EXERCISE INSTRUCTIONS —
An exact transcription of all the data is required, with every image removed.

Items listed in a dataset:
----

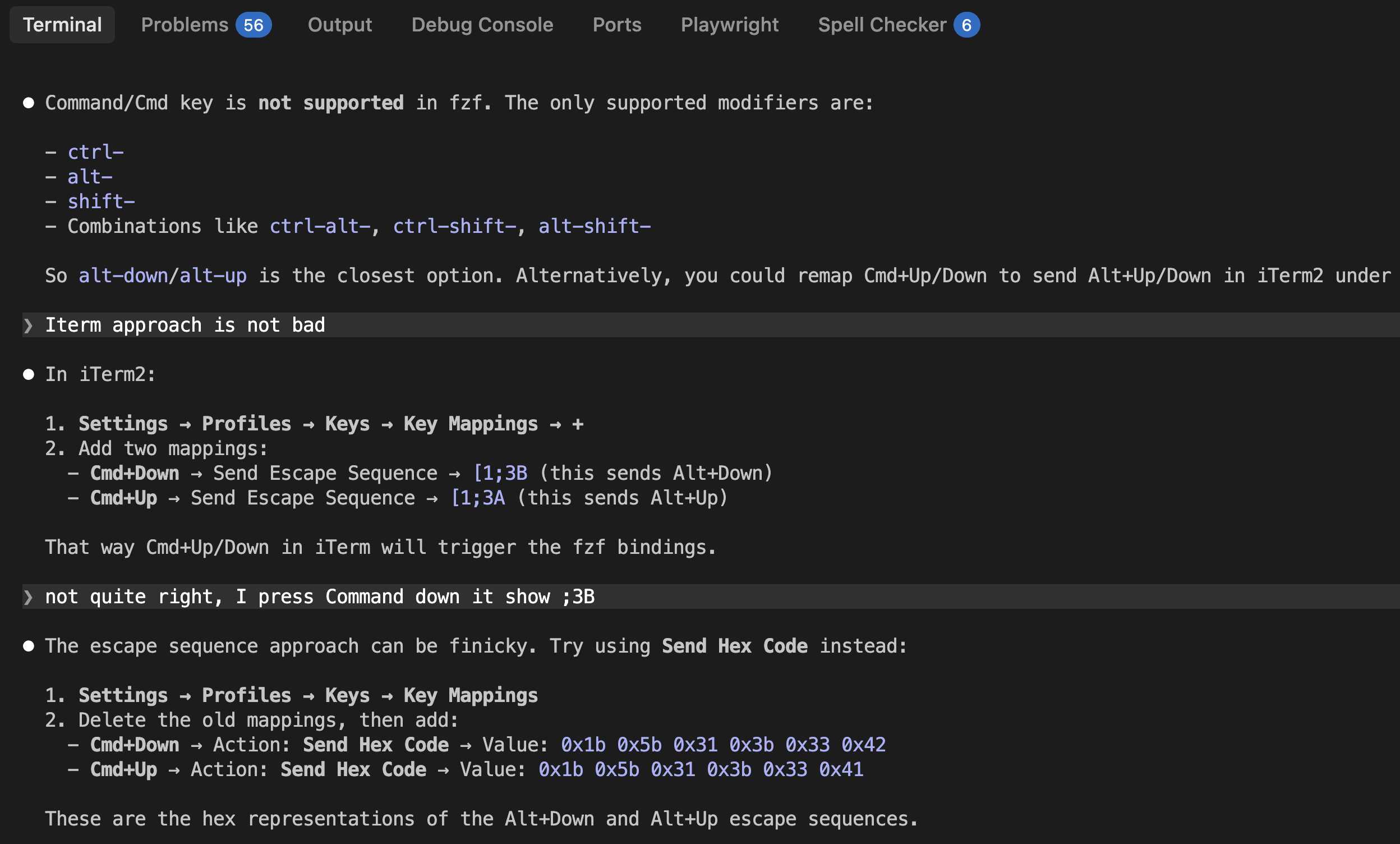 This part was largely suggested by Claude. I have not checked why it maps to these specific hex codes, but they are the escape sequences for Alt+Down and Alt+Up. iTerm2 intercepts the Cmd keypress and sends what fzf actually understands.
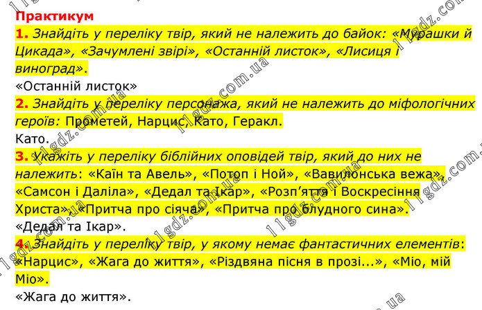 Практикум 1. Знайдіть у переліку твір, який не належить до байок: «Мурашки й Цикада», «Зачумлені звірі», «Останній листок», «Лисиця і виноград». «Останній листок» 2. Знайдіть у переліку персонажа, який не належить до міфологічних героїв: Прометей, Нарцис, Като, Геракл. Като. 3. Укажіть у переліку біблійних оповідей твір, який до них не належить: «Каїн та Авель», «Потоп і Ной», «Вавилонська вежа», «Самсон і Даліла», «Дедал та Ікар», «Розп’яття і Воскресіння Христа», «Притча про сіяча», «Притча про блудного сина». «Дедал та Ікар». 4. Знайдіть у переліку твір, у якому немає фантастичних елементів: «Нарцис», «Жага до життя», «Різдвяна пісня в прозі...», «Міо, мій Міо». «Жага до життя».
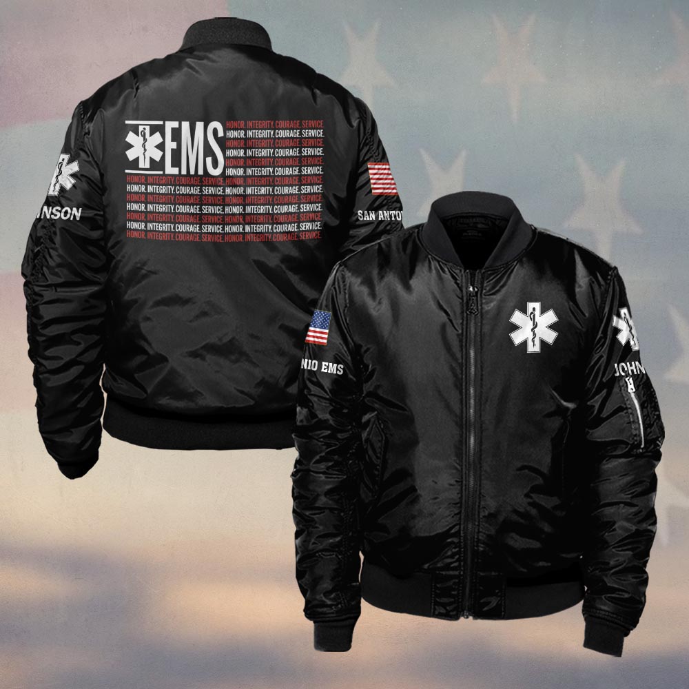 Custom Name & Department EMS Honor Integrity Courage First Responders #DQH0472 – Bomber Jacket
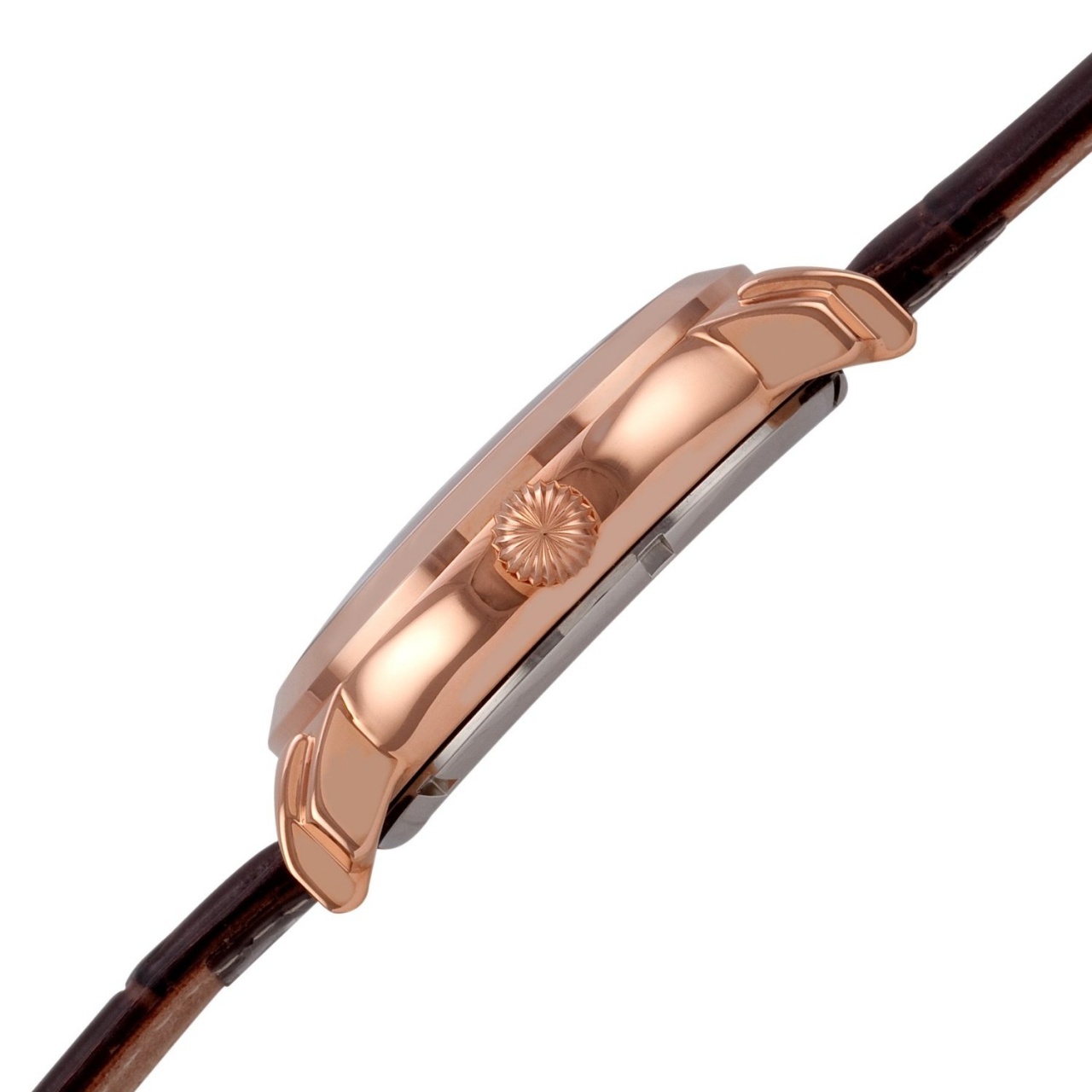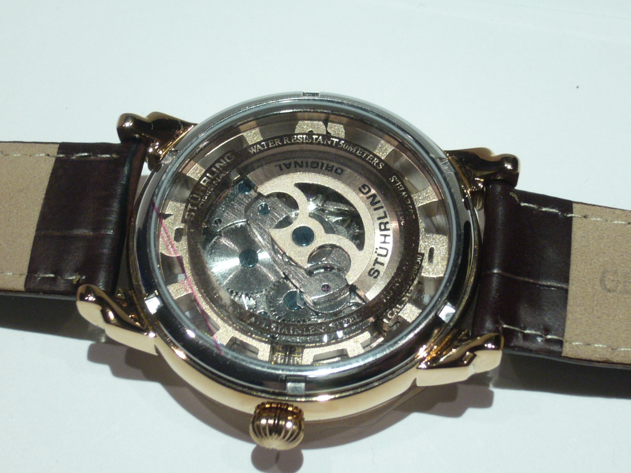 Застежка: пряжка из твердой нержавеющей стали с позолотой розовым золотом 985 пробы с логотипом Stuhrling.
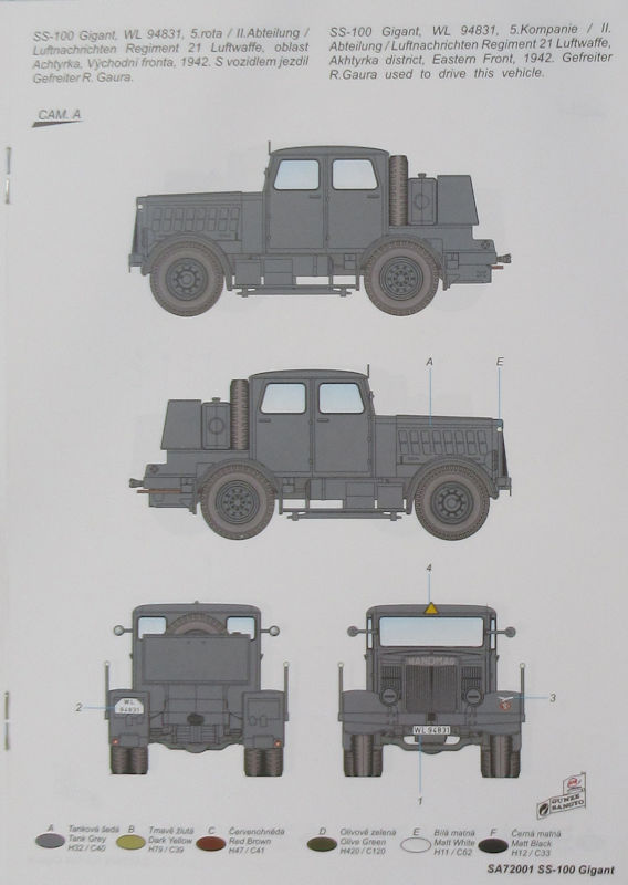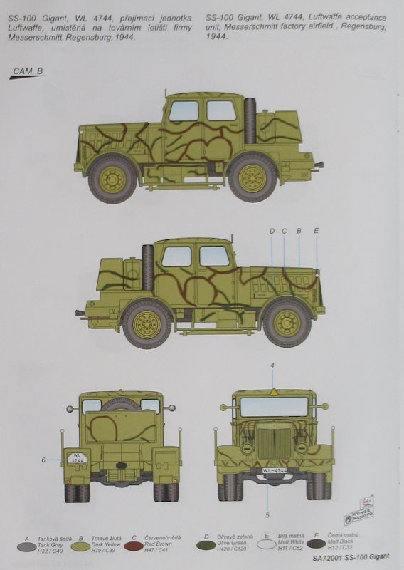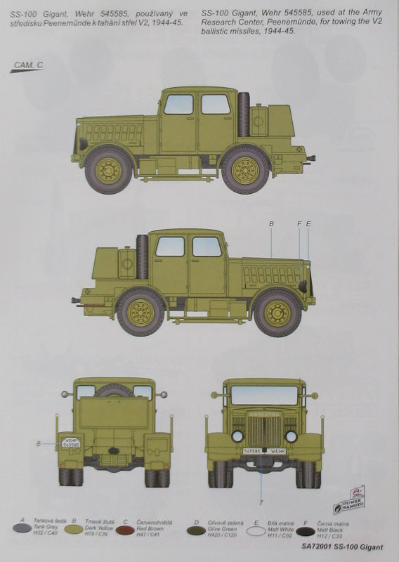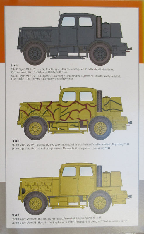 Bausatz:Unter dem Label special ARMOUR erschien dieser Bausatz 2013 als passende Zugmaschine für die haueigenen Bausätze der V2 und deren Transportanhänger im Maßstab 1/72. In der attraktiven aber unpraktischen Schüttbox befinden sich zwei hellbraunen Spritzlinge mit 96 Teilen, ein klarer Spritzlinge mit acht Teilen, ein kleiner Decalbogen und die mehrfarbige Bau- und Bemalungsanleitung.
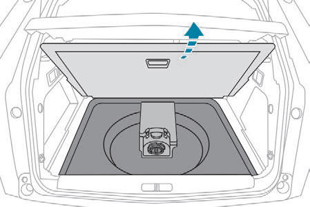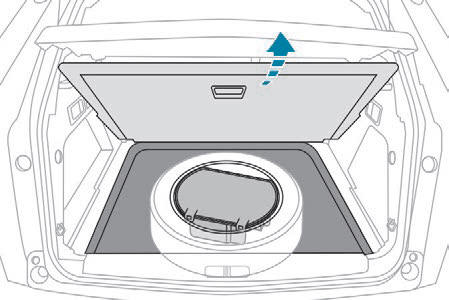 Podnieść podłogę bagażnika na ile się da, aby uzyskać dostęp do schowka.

----

ANSWER AREA —
 This part was largely suggested by Claude. I have not checked why it maps to these specific hex codes, but they are the escape sequences for Alt+Down and Alt+Up. iTerm2 intercepts the Cmd keypress and sends what fzf actually understands.
 Практикум 1. Знайдіть у переліку твір, який не належить до байок: «Мурашки й Цикада», «Зачумлені звірі», «Останній листок», «Лисиця і виноград». «Останній листок» 2. Знайдіть у переліку персонажа, який не належить до міфологічних героїв: Прометей, Нарцис, Като, Геракл. Като. 3. Укажіть у переліку біблійних оповідей твір, який до них не належить: «Каїн та Авель», «Потоп і Ной», «Вавилонська вежа», «Самсон і Даліла», «Дедал та Ікар», «Розп’яття і Воскресіння Христа», «Притча про сіяча», «Притча про блудного сина». «Дедал та Ікар». 4. Знайдіть у переліку твір, у якому немає фантастичних елементів: «Нарцис», «Жага до життя», «Різдвяна пісня в прозі...», «Міо, мій Міо». «Жага до життя».
 Custom Name & Department EMS Honor Integrity Courage First Responders #DQH0472 – Bomber Jacket
 Застежка: пряжка из твердой нержавеющей стали с позолотой розовым золотом 985 пробы с логотипом Stuhrling.
 Bausatz:Unter dem Label special ARMOUR erschien dieser Bausatz 2013 als passende Zugmaschine für die haueigenen Bausätze der V2 und deren Transportanhänger im Maßstab 1/72. In der attraktiven aber unpraktischen Schüttbox befinden sich zwei hellbraunen Spritzlinge mit 96 Teilen, ein klarer Spritzlinge mit acht Teilen, ein kleiner Decalbogen und die mehrfarbige Bau- und Bemalungsanleitung.
 Podnieść podłogę bagażnika na ile się da, aby uzyskać dostęp do schowka.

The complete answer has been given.